::: Data for analysis

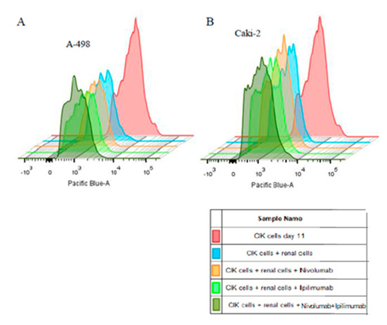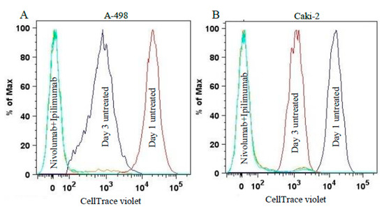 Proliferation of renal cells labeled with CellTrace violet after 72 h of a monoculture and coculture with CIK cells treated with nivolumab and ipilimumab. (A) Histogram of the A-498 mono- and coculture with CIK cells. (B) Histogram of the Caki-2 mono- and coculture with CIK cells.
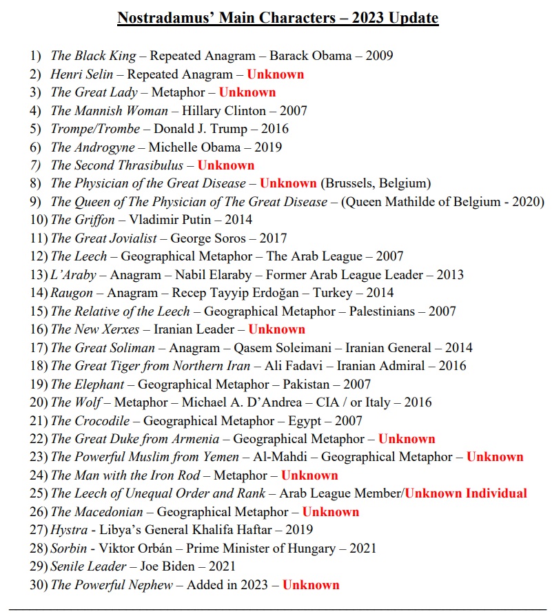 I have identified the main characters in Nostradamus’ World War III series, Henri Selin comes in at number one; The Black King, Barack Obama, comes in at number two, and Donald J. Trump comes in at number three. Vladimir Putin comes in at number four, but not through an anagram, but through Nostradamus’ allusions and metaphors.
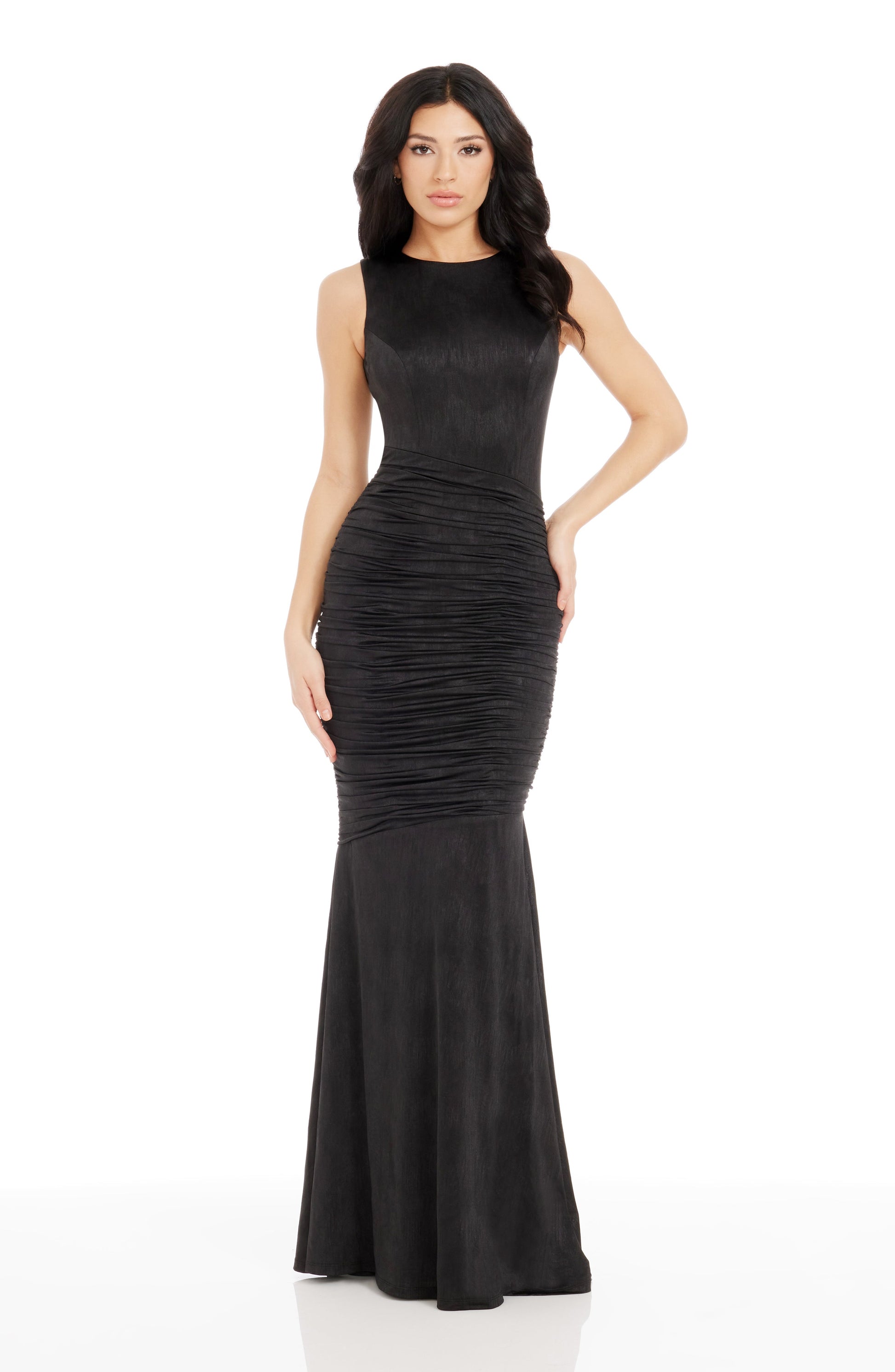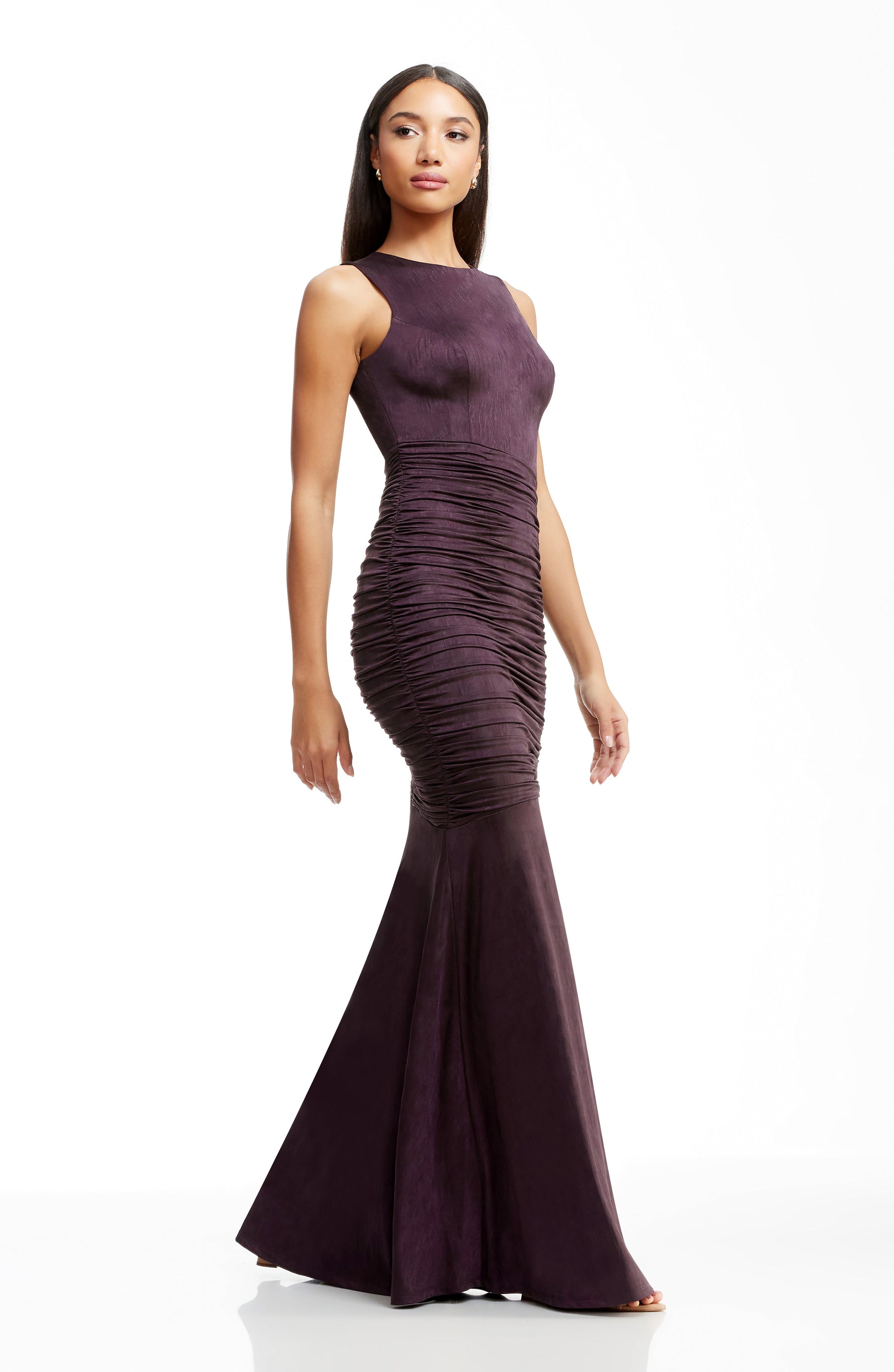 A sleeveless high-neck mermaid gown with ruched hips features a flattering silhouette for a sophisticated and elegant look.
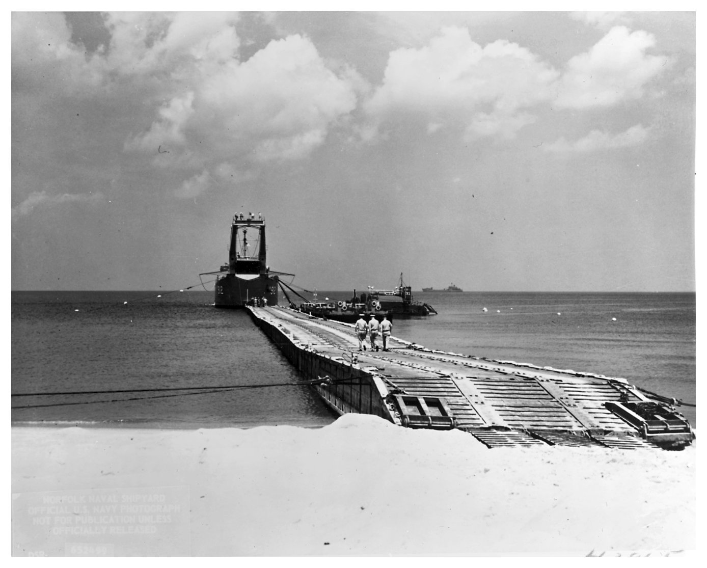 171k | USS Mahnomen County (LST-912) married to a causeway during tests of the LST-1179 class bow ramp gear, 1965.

::::::
::: Data for analysis

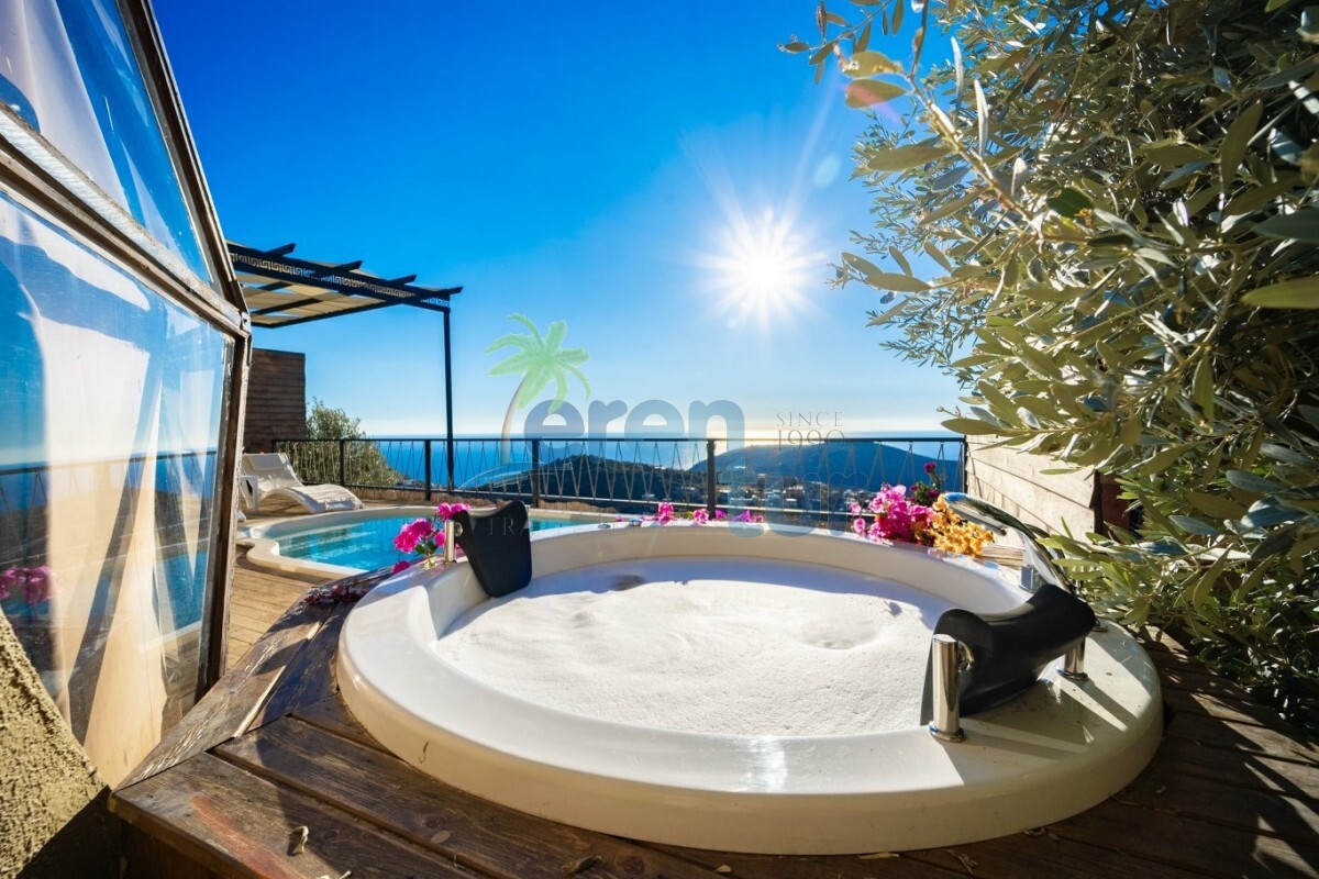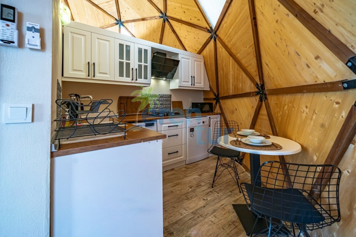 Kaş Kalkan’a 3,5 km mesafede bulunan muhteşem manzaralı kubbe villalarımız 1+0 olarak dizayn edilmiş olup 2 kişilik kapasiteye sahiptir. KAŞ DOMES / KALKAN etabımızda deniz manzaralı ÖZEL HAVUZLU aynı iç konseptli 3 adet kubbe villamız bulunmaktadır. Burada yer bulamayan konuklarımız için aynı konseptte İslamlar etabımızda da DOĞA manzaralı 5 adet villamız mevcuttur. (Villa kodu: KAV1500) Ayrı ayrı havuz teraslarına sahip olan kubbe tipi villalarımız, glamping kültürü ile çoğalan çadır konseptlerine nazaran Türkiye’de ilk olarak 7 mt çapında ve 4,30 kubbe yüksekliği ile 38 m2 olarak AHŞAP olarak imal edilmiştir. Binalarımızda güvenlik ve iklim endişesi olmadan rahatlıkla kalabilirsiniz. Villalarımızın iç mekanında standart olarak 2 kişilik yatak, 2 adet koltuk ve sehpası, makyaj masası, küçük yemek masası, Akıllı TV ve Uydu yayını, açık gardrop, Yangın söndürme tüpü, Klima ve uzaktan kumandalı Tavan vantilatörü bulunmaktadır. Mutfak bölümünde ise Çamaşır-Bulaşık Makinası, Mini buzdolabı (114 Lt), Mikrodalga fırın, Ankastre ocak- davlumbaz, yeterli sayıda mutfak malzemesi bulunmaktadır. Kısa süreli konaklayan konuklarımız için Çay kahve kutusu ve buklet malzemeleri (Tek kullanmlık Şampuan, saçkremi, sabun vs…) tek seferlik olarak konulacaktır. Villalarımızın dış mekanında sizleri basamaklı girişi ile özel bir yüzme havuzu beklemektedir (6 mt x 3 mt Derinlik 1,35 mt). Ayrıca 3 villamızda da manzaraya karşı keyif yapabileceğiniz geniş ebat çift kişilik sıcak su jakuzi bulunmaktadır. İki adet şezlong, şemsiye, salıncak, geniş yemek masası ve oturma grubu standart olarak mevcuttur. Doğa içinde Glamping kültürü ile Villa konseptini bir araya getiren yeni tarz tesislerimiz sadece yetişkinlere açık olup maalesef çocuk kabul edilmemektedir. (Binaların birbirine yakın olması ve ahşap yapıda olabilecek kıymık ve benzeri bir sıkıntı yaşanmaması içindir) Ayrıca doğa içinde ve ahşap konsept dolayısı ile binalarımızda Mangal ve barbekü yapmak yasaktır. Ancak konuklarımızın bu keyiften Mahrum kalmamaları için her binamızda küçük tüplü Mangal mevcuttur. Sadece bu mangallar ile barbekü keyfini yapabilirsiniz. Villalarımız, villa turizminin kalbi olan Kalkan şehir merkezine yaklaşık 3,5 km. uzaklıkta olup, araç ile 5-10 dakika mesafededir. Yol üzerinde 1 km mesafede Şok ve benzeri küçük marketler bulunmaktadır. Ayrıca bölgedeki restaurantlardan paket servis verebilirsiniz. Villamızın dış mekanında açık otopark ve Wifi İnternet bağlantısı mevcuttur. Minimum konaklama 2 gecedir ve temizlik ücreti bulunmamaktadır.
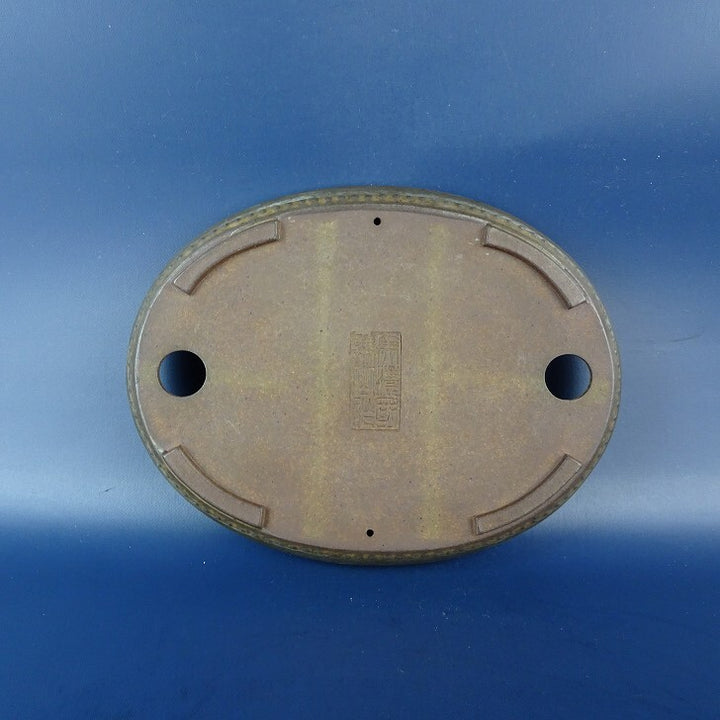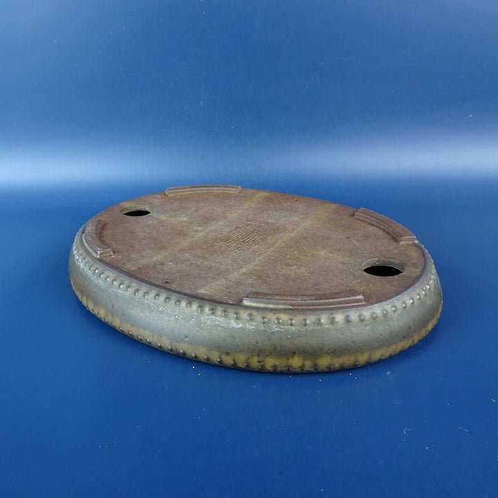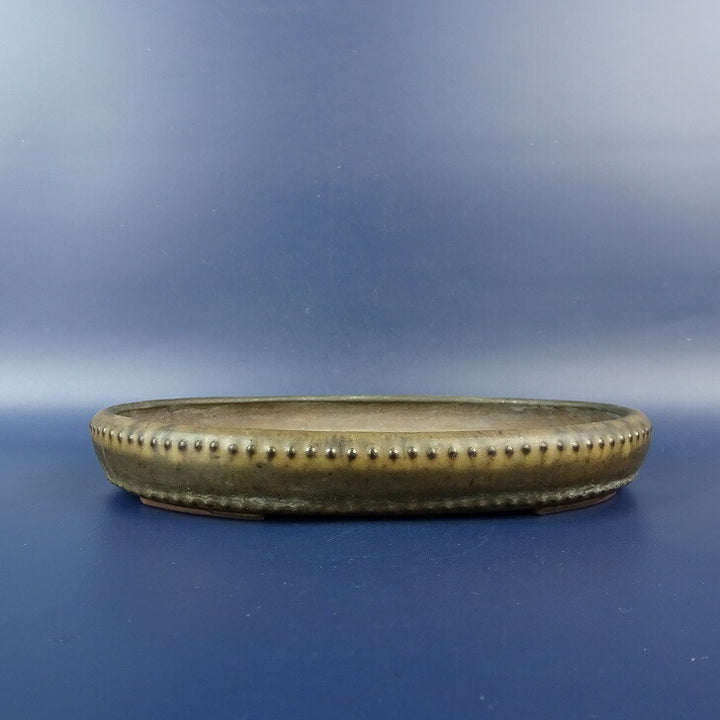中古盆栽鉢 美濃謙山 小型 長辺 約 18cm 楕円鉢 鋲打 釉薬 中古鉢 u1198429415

::::::
::: Data for analysis

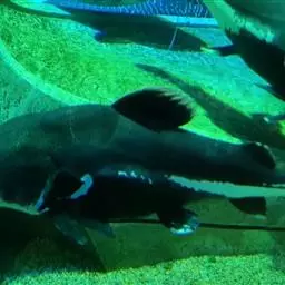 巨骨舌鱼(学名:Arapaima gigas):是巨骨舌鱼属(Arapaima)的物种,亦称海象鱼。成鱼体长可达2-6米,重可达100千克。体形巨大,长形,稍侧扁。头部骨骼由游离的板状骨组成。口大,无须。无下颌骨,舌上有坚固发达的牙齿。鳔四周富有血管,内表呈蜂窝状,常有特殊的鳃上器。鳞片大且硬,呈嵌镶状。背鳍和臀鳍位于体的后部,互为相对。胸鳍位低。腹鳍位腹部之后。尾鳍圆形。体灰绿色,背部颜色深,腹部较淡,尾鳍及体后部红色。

::::::

- **Work instructions**
A word-for-word reproduction is needed of the lines above from the line containing "Proliferation of renal" through the line containing "A sleeveless high-neck", with both ends kept and no pictures.

- **Response to the exercise**
 Proliferation of renal cells labeled with CellTrace violet after 72 h of a monoculture and coculture with CIK cells treated with nivolumab and ipilimumab. (A) Histogram of the A-498 mono- and coculture with CIK cells. (B) Histogram of the Caki-2 mono- and coculture with CIK cells.
 I have identified the main characters in Nostradamus’ World War III series, Henri Selin comes in at number one; The Black King, Barack Obama, comes in at number two, and Donald J. Trump comes in at number three. Vladimir Putin comes in at number four, but not through an anagram, but through Nostradamus’ allusions and metaphors.
 A sleeveless high-neck mermaid gown with ruched hips features a flattering silhouette for a sophisticated and elegant look.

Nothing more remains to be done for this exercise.